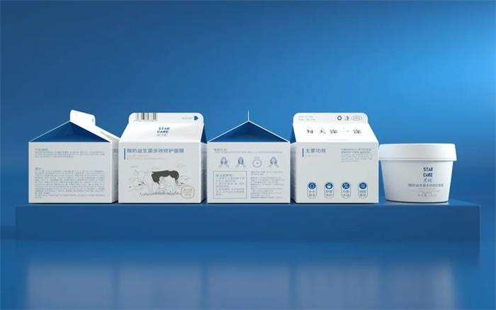 不同于市面上的常規(guī)包裝,這款面膜外形上便采用了酸奶盒的造型,兩種盒型設(shè)計(jì)巧妙呼應(yīng)了,品牌名的“酸奶”屬性。極簡白的外盒背景,插畫同樣以簡筆線條勾勒了農(nóng)場實(shí)景,畫面中奶牛與女孩正相互依偎著,白云與遠(yuǎn)山、草地的景觀元素點(diǎn)綴,表明了一片生態(tài)和諧的自然環(huán)境。藍(lán)色調(diào)的運(yùn)用在純白背景映襯下形成了鮮明個(gè)性的視覺沖擊,背面繪以輔助圖標(biāo)清晰闡明產(chǎn)品信息,加上主次分明的文字設(shè)計(jì),給人一種舒適、自然的感覺。另外在斜切面上,還以拼音方格的形式,加入了“每天涂一涂”的趣味文案,消費(fèi)者能迅速了解產(chǎn)品的使用方式,也為包裝增添了幾分童趣。
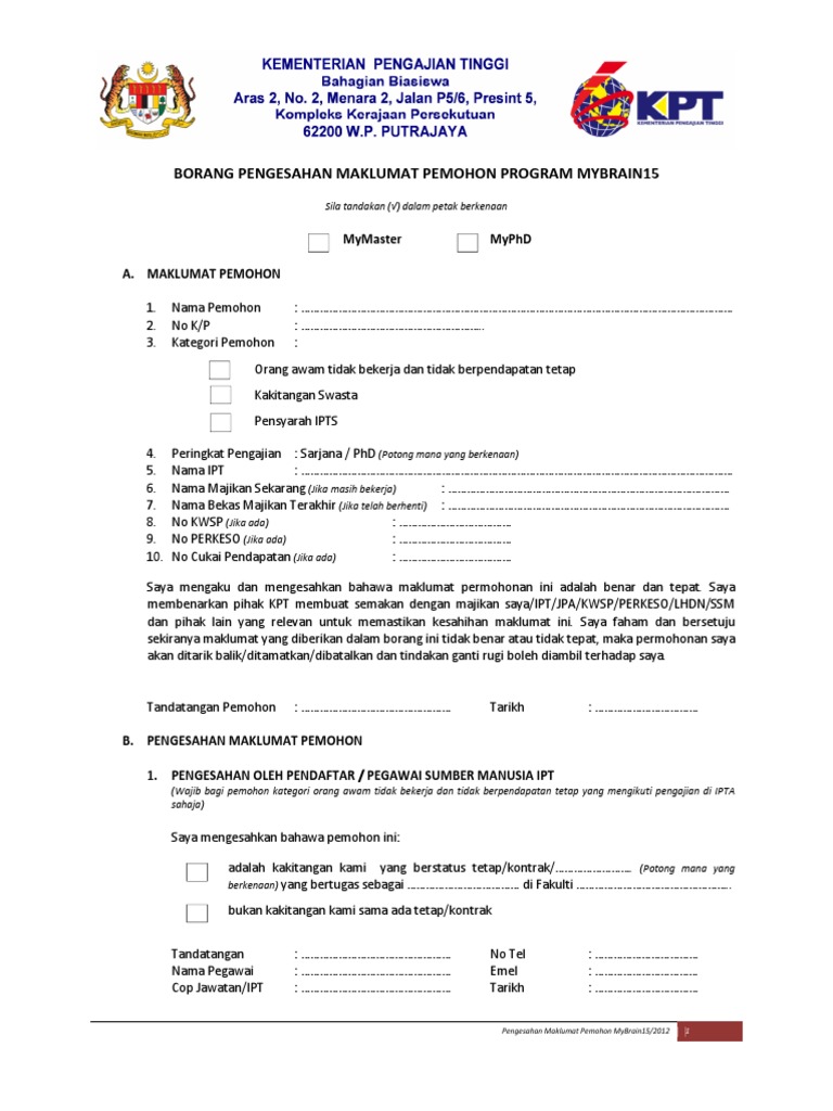 Borang Pengesahan Maklumat Pemohon Program Mybrain15
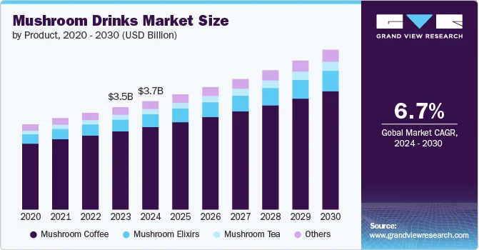 The global mushroom drinks market size was estimated at USD 3.70 billion in 2023 and is projected to reach USD 5.78 billion by 2030, growing at a CAGR of 6.7% from 2024 to 2030. Mushroom drinks are rapidly gaining traction in the functional beverages sector, where consumers are increasingly pursuing health benefits beyond basic nutrition.
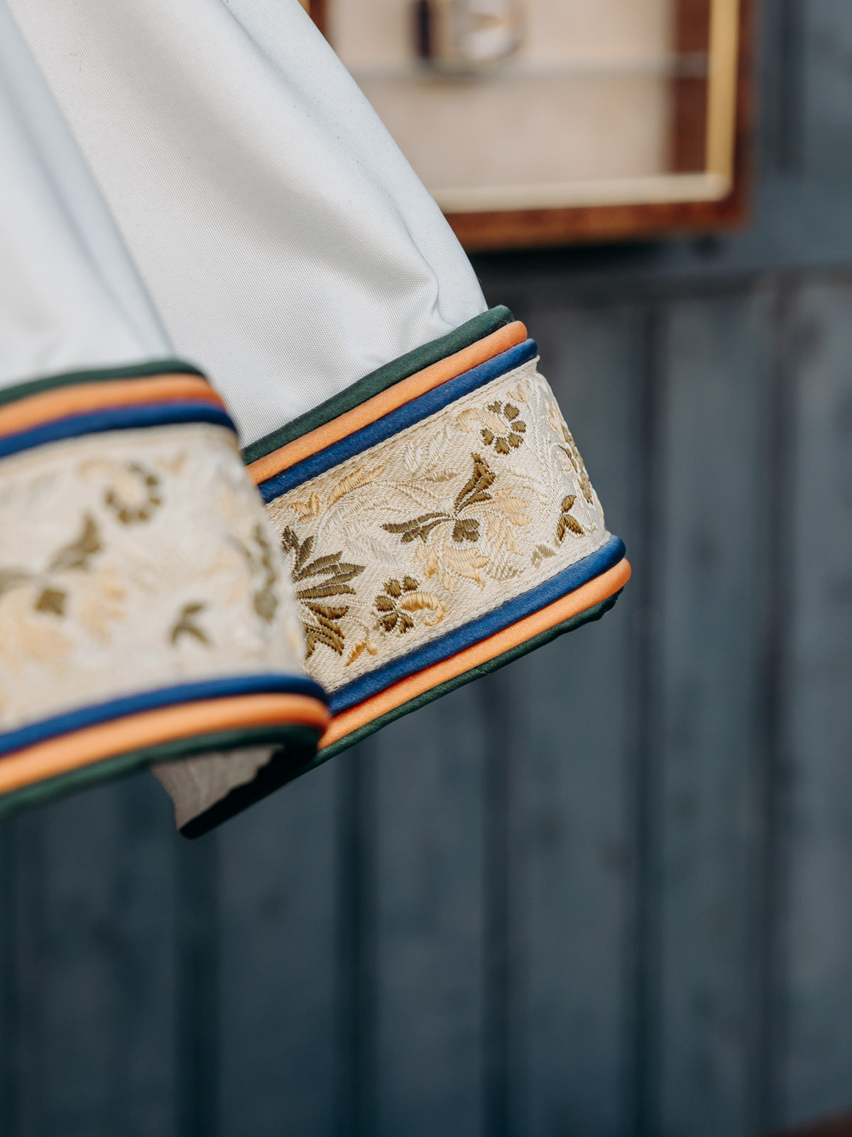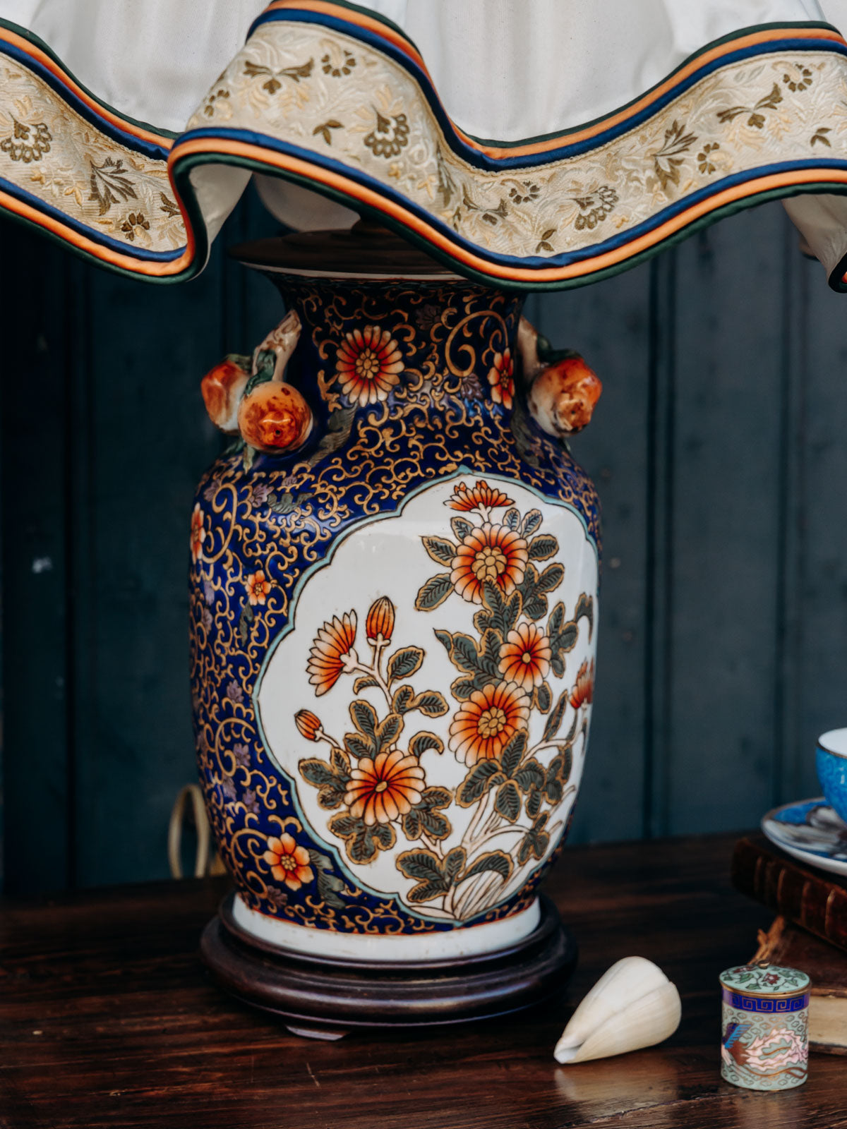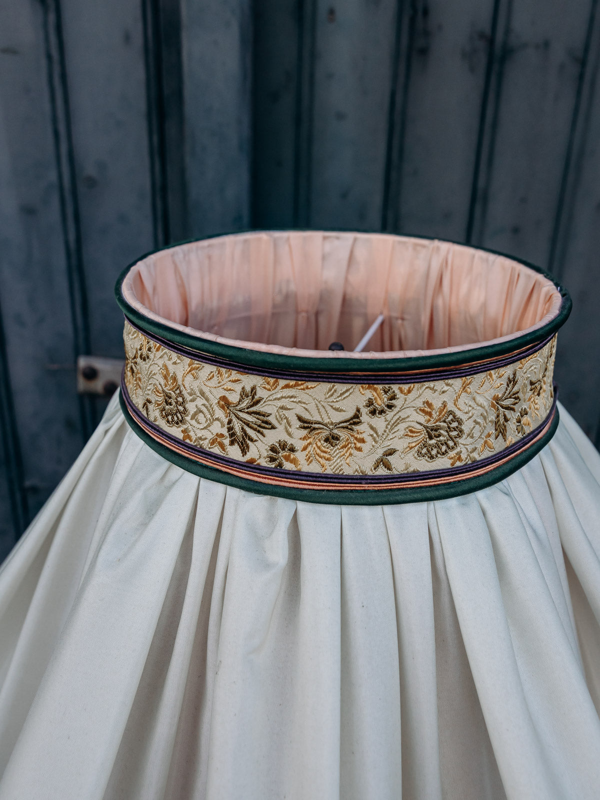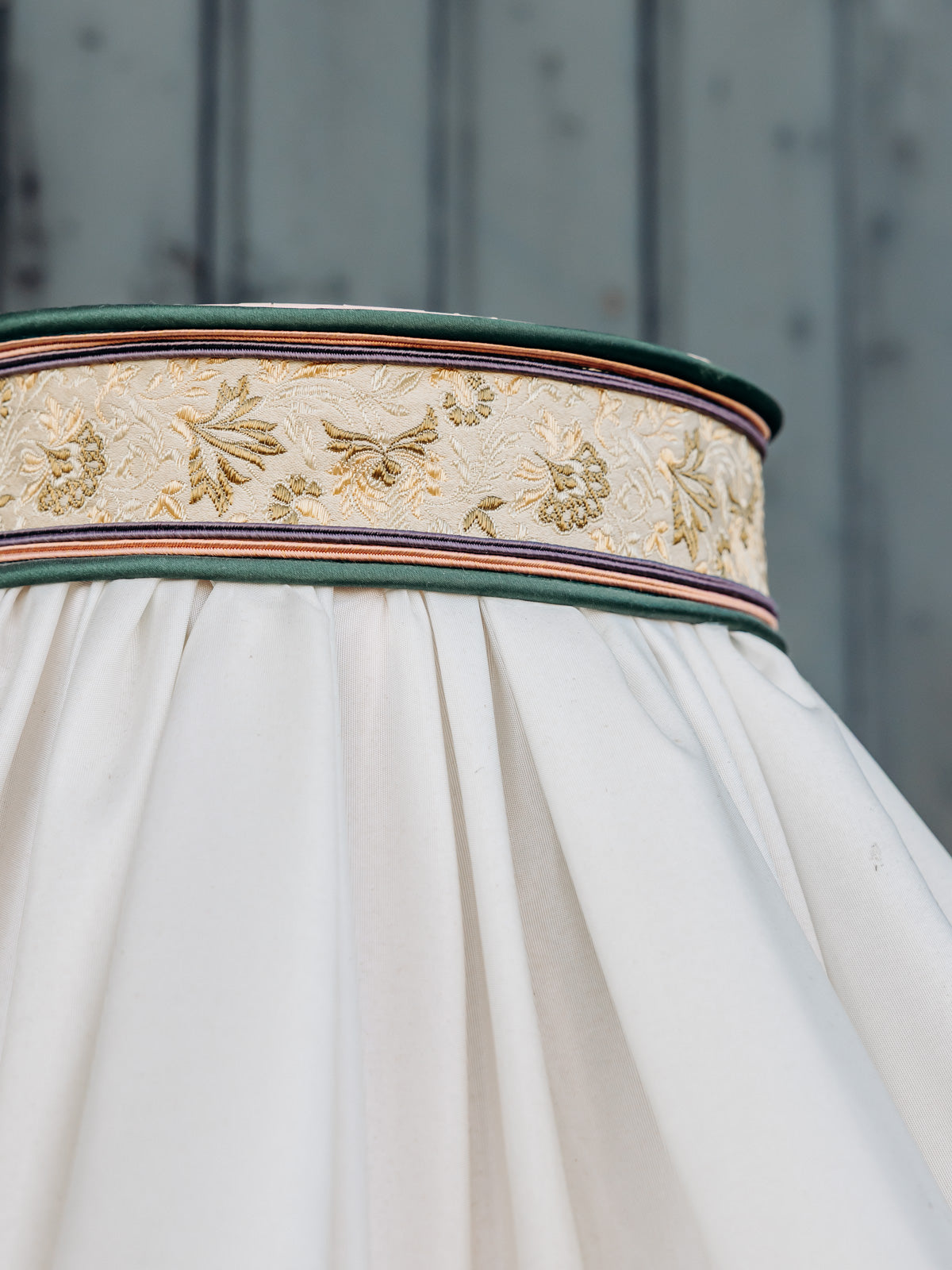 Sublimez votre intérieur avec cette grande lampe à poser en céramique émaillée, au socle aux finitions soignées. Son abat-jour juponné réglable en hauteur et de belle envergure, rehaussé de détails dorés, diffuse une lumière chaleureuse et enveloppante en diffusant plus ou moins l'éclairage selon les envies. Idéale pour un coin lecture ou une table d'appoint. Conçue pour accueillir deux ampoules E27, elle allie présence et délicatesse, apportant une touche d'élégance discrète et contemporaine à la pièce.
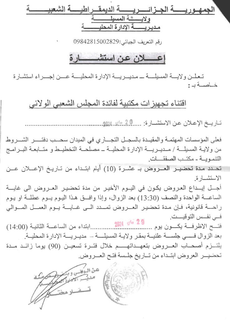 استشارة من أجل: اقتناء تجهيزات مكتبية لفائدة المجلس الشعبي الولائي22 مايو، 20240 16 شاركها فيسبوك X مشاركة عبر البريد طباعة

--

## [Work instruction]
Excerpt from the records above: set down only the lines from the one that contains "Borang Pengesahan Maklumat" through the one that contains "The global mushroom", inclusive, word for word. Pictures stay out.

## [Written answer]
 Borang Pengesahan Maklumat Pemohon Program Mybrain15
 The global mushroom drinks market size was estimated at USD 3.70 billion in 2023 and is projected to reach USD 5.78 billion by 2030, growing at a CAGR of 6.7% from 2024 to 2030. Mushroom drinks are rapidly gaining traction in the functional beverages sector, where consumers are increasingly pursuing health benefits beyond basic nutrition.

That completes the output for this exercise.